Please repeat only the lines below starting at the line that holds "уточнили в пресс-службе КГГА." and ending at the line that holds "FINETOO 6 Pack", exactly, with both of those lines included and every picture omitted.
*** RECORDS FOR THE TASK ***
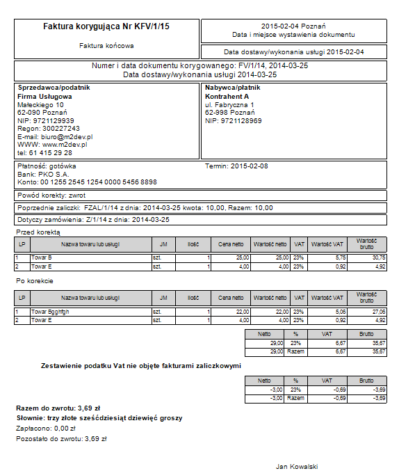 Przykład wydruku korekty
*** End of RECORDS FOR THE TASK ***
*** RECORDS FOR THE TASK ***
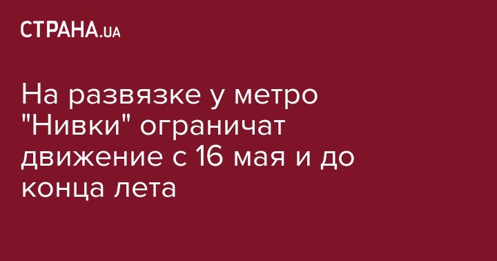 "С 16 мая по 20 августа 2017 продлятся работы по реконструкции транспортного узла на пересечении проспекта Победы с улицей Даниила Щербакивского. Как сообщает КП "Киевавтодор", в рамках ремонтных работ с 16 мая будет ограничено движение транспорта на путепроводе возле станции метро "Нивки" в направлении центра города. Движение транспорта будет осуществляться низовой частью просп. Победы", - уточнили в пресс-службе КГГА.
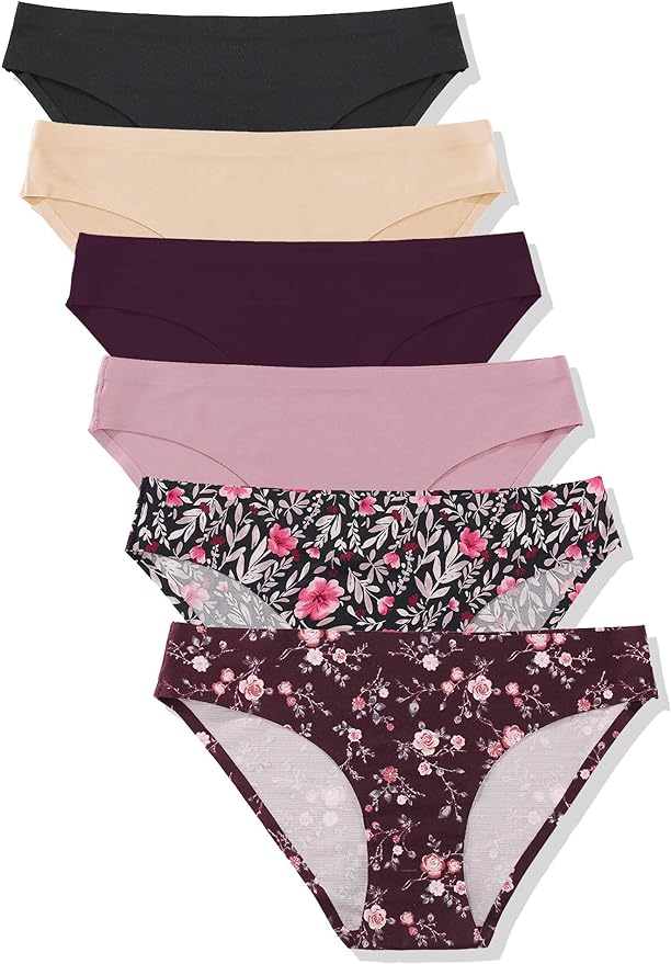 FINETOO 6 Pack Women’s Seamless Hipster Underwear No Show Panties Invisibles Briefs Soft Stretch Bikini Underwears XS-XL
*** End of RECORDS FOR THE TASK ***
TASK RESULT ::
 "С 16 мая по 20 августа 2017 продлятся работы по реконструкции транспортного узла на пересечении проспекта Победы с улицей Даниила Щербакивского. Как сообщает КП "Киевавтодор", в рамках ремонтных работ с 16 мая будет ограничено движение транспорта на путепроводе возле станции метро "Нивки" в направлении центра города. Движение транспорта будет осуществляться низовой частью просп. Победы", - уточнили в пресс-службе КГГА.
 FINETOO 6 Pack Women’s Seamless Hipster Underwear No Show Panties Invisibles Briefs Soft Stretch Bikini Underwears XS-XL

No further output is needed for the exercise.